Search code examples
pandasmulti-index

Align pandas dataframes with multiindex


I have two pandas dataframes df1 and df2 with a different multiindex. I would like to align both dataframes according to the last index level. The shorter dataframe rules, i.e. all the dates that are not in the shorter dataframe should be removed from the longer dataframe.

If I were to drop the first two index levels, I get the result I am looking for.

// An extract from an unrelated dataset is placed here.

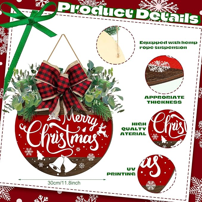 - Christmas Element Design: our Christmas wooden sign is printed with [Merry Christmas] words, decorated with red and black buffalo plaid bows and eucalyptus leaves on the top, they can be hung with twine, very delicate and festive, very Christmas atmosphere let, let you spend an unforgettable Christmas

However, I would like to preserve the complete multiindex.

import numpy as np
import pandas as pd

idx1_l1 = np.tile("provider_1", 31)
idx2_l1 = np.tile("provider_2", 22)
idx1_l2 = np.tile("indicator_1", 31)
idx2_l2 = np.tile("indicator_2", 22)
idx1_l3 = pd.date_range(start="2020-01-01", end="2020-01-31")
idx2_l3 = pd.date_range(start="2020-01-10", end="2020-01-31")
data1 = np.random.randint(low=1, high=100, size=31)
data2 = np.random.randint(low=1, high=100, size=22)

df1 = pd.DataFrame(data=data1, index=[idx1_l1, idx1_l2, idx1_l3])
df2 = pd.DataFrame(data=data2, index=[idx2_l1, idx2_l2, idx2_l3])

df1, df2 = df1.droplevel([0, 1]).align(df2.droplevel([0, 1]), join="inner", axis=0)

Solution

  • You can create the new index for the desired level (2 in your case) by intersection and then select the rows with get_indexer:

    idx = df1.index.get_level_values(2).intersection(df2.index.get_level_values(2))
    df1 = df1.iloc[df1.index.get_level_values(2).get_indexer(idx)]
    df2 = df2.iloc[df2.index.get_level_values(2).get_indexer(idx)]